[EXERCISE]: Please transcribe the data that follows without the pictures, keeping every word the same.

[MATERIAL FOR THIS EXERCISE]:
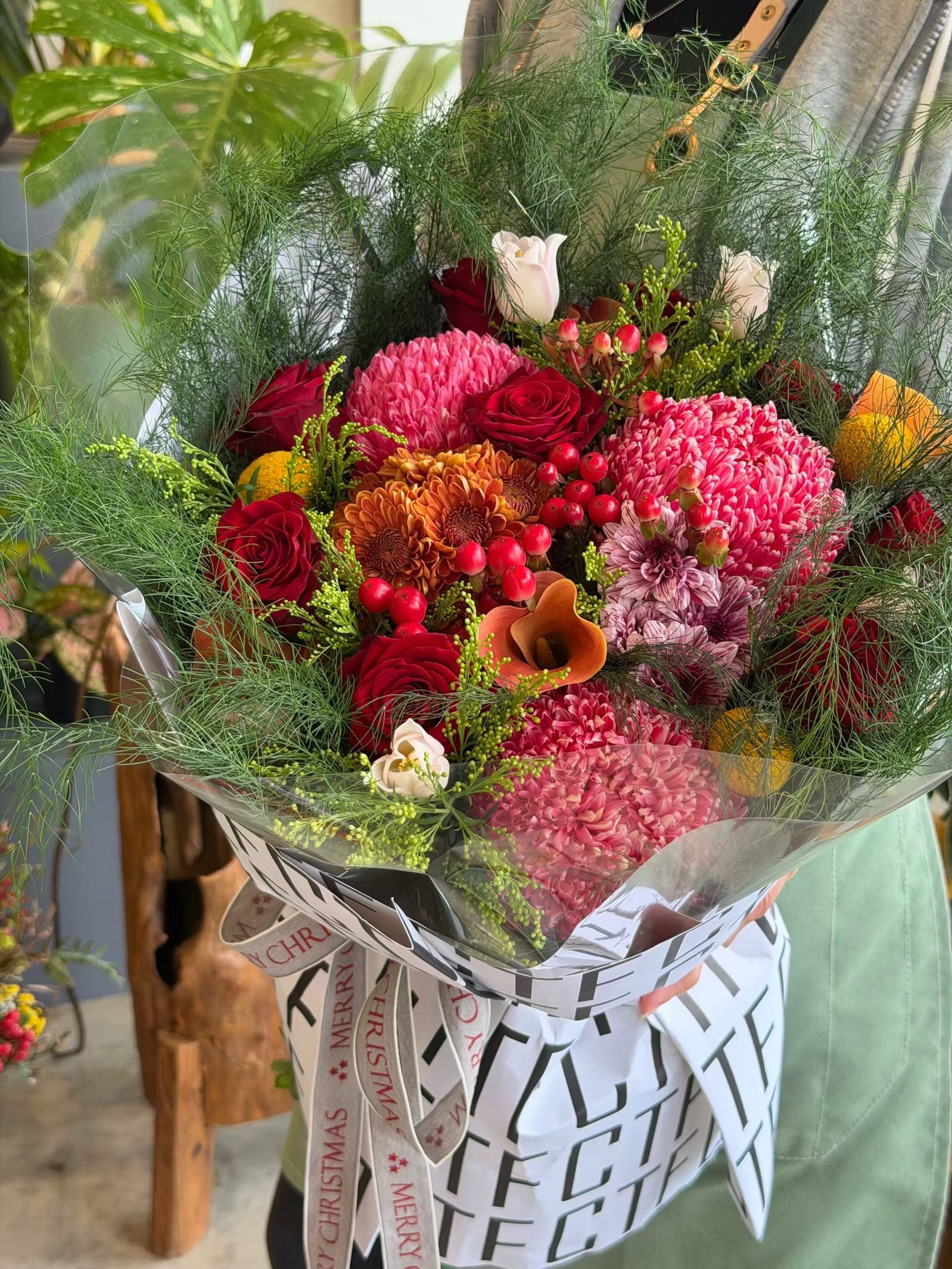 Nestled within a misty frame of lace-like foliage, this festive arrangement offers a sophisticated blend of modern playfulness and timeless romance.
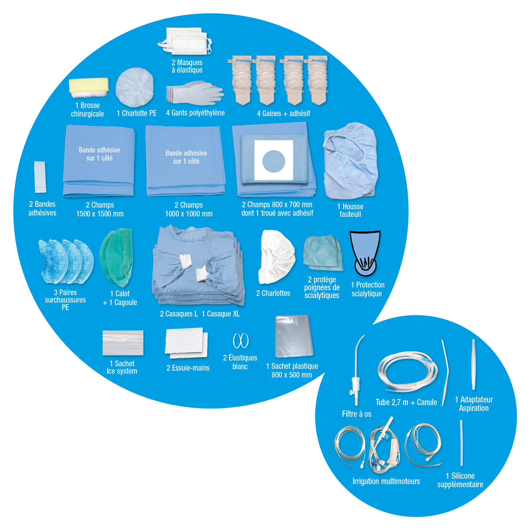 I. | COMPOSANTS DU KIT - 2 Masques à élastique - 1 Brosse chiurgicale - 1 Charlotte PE - 4 Gants polye?thyle?ne - 4 Gaines + adhésif - 2 Bandes adhe?sives - 2 Champs 1500 x 1500 mm (Bande adhe?sive sur 1 co?te?) - 2 Champs 1000 x 1000 mm (Bande adhe?sive sur 1 co?te) - 2 Champs 800 x 700 mm dont (Dont 1 troue? avec adhe?sif) - 1 Housse fauteuil - 3 Paires surchaussures PE - 1 Calot - 1 Cagoule - 2 Casaques L 1 Casaque XL - 2 Charlottes - 2 Prote?ge poigne?es de scialytiques - 1 Protection scialytique - 1 Sachet Ice system - 1 Essuie-mains - 1 Accessoires de maintien des gaines - 1 Sachet plastique 800 x 500 mm
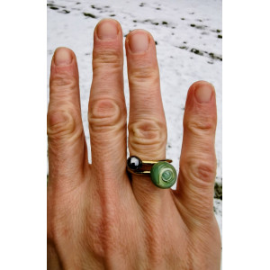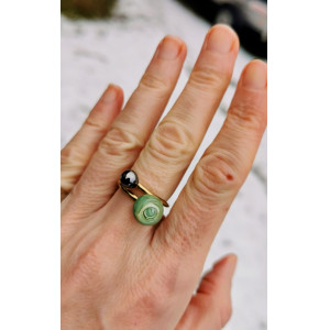 Prsten je vyrobený z nerezové oceli (pozlacená varianta) a skla. Každý kus je originál.
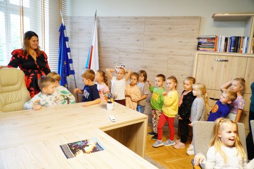 Najbardziej wyczekiwanym momentem była jednak wizyta w gabinecie Pani Burmistrz Ewy Ostrowskiej, bo któż by nie chciał, choć na chwilę, zasiąść w fotelu najważniejszej osoby w mieście.
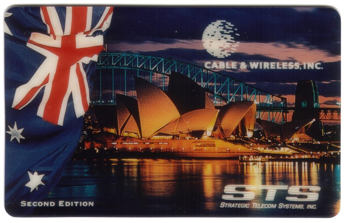Printed text on the card identifies it as part of the "Cities of The World 2" series and includes the name "Sydney Australia Opera House & Flag." The card also bears the logo and name of Cable & Wireless ("C&W"), a telecommunications provider, along with references to "cwi" and "Strategic Telecom Sys." The card value is shown as 10m, indicating its use for telephone credit.
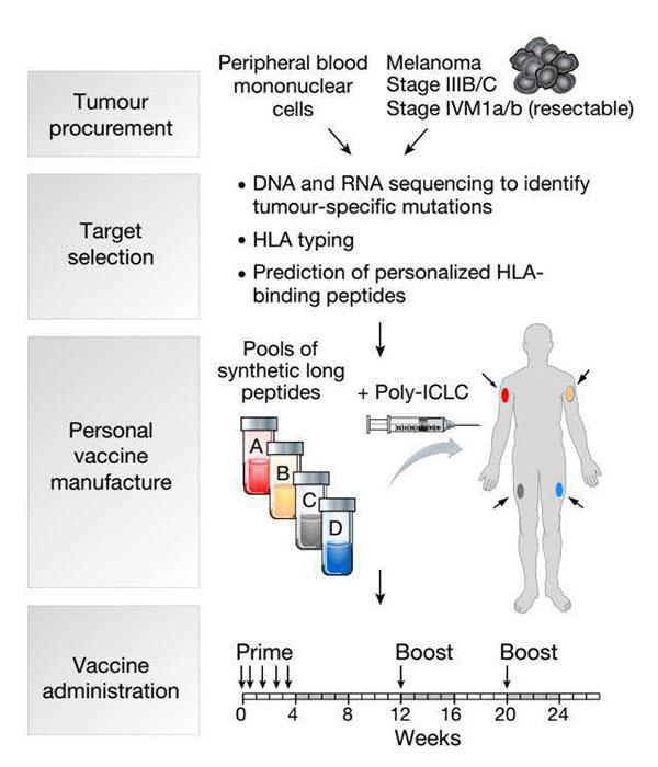研究人員在對患者腫瘤細胞和正常細胞進行深度測序的基礎上,找出腫瘤細胞中獨有的突變基因,將這些基因制成了最終的疫苗。

[RESPONSE]:
 Nestled within a misty frame of lace-like foliage, this festive arrangement offers a sophisticated blend of modern playfulness and timeless romance.
 I. | COMPOSANTS DU KIT - 2 Masques à élastique - 1 Brosse chiurgicale - 1 Charlotte PE - 4 Gants polye?thyle?ne - 4 Gaines + adhésif - 2 Bandes adhe?sives - 2 Champs 1500 x 1500 mm (Bande adhe?sive sur 1 co?te?) - 2 Champs 1000 x 1000 mm (Bande adhe?sive sur 1 co?te) - 2 Champs 800 x 700 mm dont (Dont 1 troue? avec adhe?sif) - 1 Housse fauteuil - 3 Paires surchaussures PE - 1 Calot - 1 Cagoule - 2 Casaques L 1 Casaque XL - 2 Charlottes - 2 Prote?ge poigne?es de scialytiques - 1 Protection scialytique - 1 Sachet Ice system - 1 Essuie-mains - 1 Accessoires de maintien des gaines - 1 Sachet plastique 800 x 500 mm
 Prsten je vyrobený z nerezové oceli (pozlacená varianta) a skla. Každý kus je originál.
 Najbardziej wyczekiwanym momentem była jednak wizyta w gabinecie Pani Burmistrz Ewy Ostrowskiej, bo któż by nie chciał, choć na chwilę, zasiąść w fotelu najważniejszej osoby w mieście.
Printed text on the card identifies it as part of the "Cities of The World 2" series and includes the name "Sydney Australia Opera House & Flag." The card also bears the logo and name of Cable & Wireless ("C&W"), a telecommunications provider, along with references to "cwi" and "Strategic Telecom Sys." The card value is shown as 10m, indicating its use for telephone credit.
研究人員在對患者腫瘤細胞和正常細胞進行深度測序的基礎上,找出腫瘤細胞中獨有的突變基因,將這些基因制成了最終的疫苗。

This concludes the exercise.